_What to produce_
As an exercise, transcribe the data below in full and exactly, omitting pictures.

_Data segment_
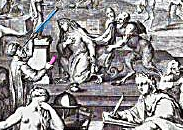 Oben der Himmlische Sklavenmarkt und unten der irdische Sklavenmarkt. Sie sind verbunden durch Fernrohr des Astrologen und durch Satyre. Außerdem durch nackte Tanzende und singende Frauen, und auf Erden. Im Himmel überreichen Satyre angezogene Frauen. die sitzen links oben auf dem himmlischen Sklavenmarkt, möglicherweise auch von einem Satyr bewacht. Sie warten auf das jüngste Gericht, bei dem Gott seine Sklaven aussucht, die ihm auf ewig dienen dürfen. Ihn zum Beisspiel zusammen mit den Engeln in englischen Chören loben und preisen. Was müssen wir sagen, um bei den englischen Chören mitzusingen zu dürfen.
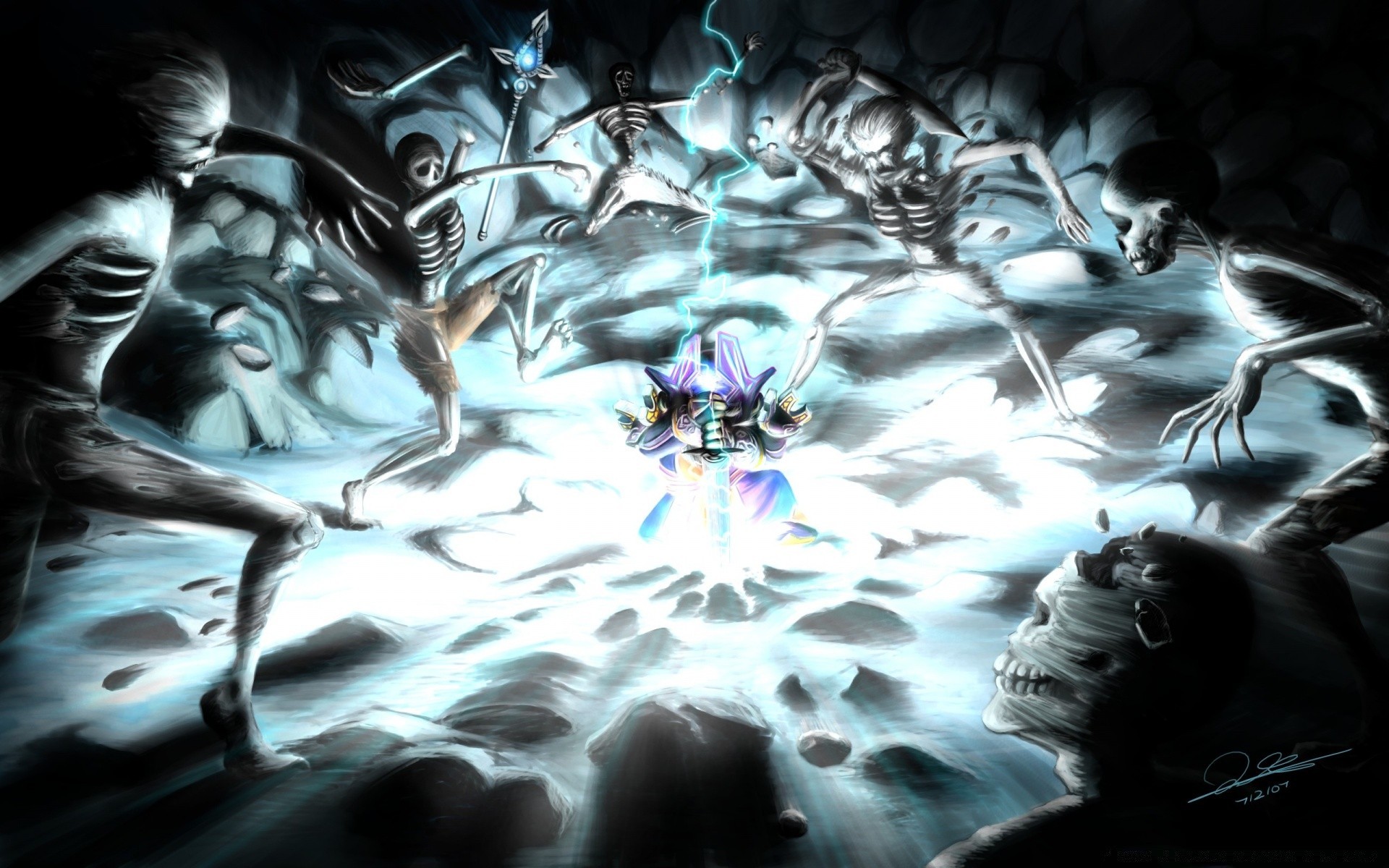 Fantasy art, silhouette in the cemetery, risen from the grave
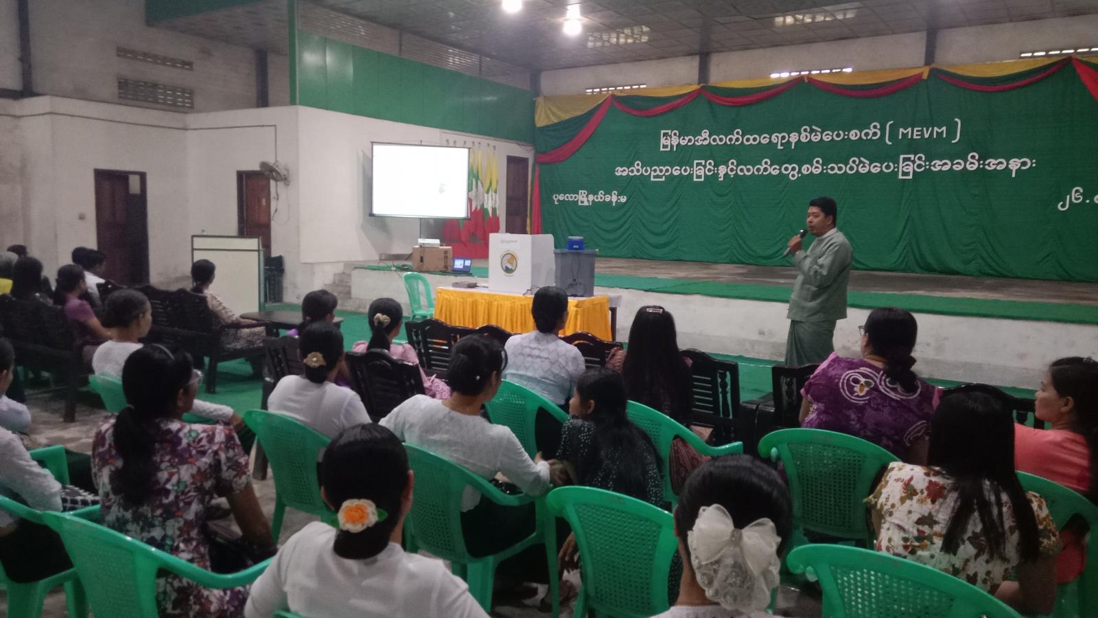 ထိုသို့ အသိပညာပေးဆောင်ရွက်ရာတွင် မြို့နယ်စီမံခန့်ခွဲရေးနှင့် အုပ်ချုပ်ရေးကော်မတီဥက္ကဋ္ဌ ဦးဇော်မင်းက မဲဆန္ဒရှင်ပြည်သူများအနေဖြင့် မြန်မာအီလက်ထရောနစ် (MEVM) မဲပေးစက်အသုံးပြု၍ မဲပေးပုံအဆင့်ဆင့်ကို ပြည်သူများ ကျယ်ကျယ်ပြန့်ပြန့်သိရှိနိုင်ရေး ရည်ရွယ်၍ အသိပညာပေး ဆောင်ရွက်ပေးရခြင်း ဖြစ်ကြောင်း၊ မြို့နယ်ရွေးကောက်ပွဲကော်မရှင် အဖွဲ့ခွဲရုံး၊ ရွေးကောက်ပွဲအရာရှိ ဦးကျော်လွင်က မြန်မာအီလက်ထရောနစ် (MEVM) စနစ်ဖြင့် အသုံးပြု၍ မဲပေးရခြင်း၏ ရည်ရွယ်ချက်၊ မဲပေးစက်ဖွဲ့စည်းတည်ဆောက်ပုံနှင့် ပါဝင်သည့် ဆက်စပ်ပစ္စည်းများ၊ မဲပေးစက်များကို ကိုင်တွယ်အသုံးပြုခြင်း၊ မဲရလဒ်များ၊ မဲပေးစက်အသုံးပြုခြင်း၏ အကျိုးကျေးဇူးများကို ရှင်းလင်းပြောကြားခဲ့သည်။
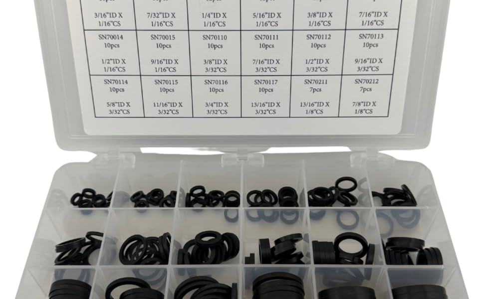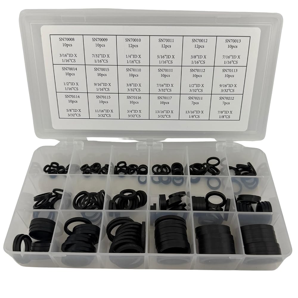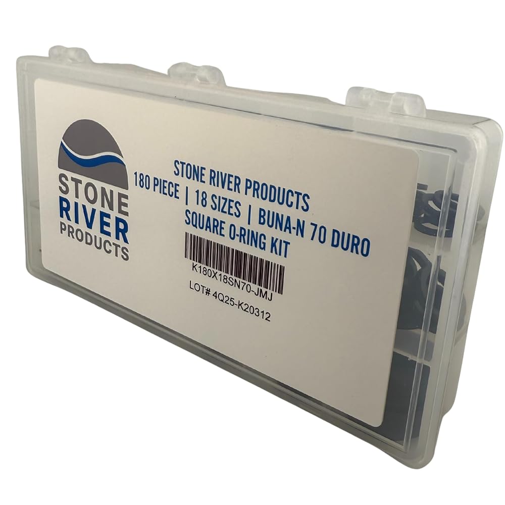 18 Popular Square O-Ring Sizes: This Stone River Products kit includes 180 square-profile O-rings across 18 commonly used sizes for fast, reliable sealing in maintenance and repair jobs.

_Finished exercise_
 Oben der Himmlische Sklavenmarkt und unten der irdische Sklavenmarkt. Sie sind verbunden durch Fernrohr des Astrologen und durch Satyre. Außerdem durch nackte Tanzende und singende Frauen, und auf Erden. Im Himmel überreichen Satyre angezogene Frauen. die sitzen links oben auf dem himmlischen Sklavenmarkt, möglicherweise auch von einem Satyr bewacht. Sie warten auf das jüngste Gericht, bei dem Gott seine Sklaven aussucht, die ihm auf ewig dienen dürfen. Ihn zum Beisspiel zusammen mit den Engeln in englischen Chören loben und preisen. Was müssen wir sagen, um bei den englischen Chören mitzusingen zu dürfen.
 Fantasy art, silhouette in the cemetery, risen from the grave
 ထိုသို့ အသိပညာပေးဆောင်ရွက်ရာတွင် မြို့နယ်စီမံခန့်ခွဲရေးနှင့် အုပ်ချုပ်ရေးကော်မတီဥက္ကဋ္ဌ ဦးဇော်မင်းက မဲဆန္ဒရှင်ပြည်သူများအနေဖြင့် မြန်မာအီလက်ထရောနစ် (MEVM) မဲပေးစက်အသုံးပြု၍ မဲပေးပုံအဆင့်ဆင့်ကို ပြည်သူများ ကျယ်ကျယ်ပြန့်ပြန့်သိရှိနိုင်ရေး ရည်ရွယ်၍ အသိပညာပေး ဆောင်ရွက်ပေးရခြင်း ဖြစ်ကြောင်း၊ မြို့နယ်ရွေးကောက်ပွဲကော်မရှင် အဖွဲ့ခွဲရုံး၊ ရွေးကောက်ပွဲအရာရှိ ဦးကျော်လွင်က မြန်မာအီလက်ထရောနစ် (MEVM) စနစ်ဖြင့် အသုံးပြု၍ မဲပေးရခြင်း၏ ရည်ရွယ်ချက်၊ မဲပေးစက်ဖွဲ့စည်းတည်ဆောက်ပုံနှင့် ပါဝင်သည့် ဆက်စပ်ပစ္စည်းများ၊ မဲပေးစက်များကို ကိုင်တွယ်အသုံးပြုခြင်း၊ မဲရလဒ်များ၊ မဲပေးစက်အသုံးပြုခြင်း၏ အကျိုးကျေးဇူးများကို ရှင်းလင်းပြောကြားခဲ့သည်။
 18 Popular Square O-Ring Sizes: This Stone River Products kit includes 180 square-profile O-rings across 18 commonly used sizes for fast, reliable sealing in maintenance and repair jobs.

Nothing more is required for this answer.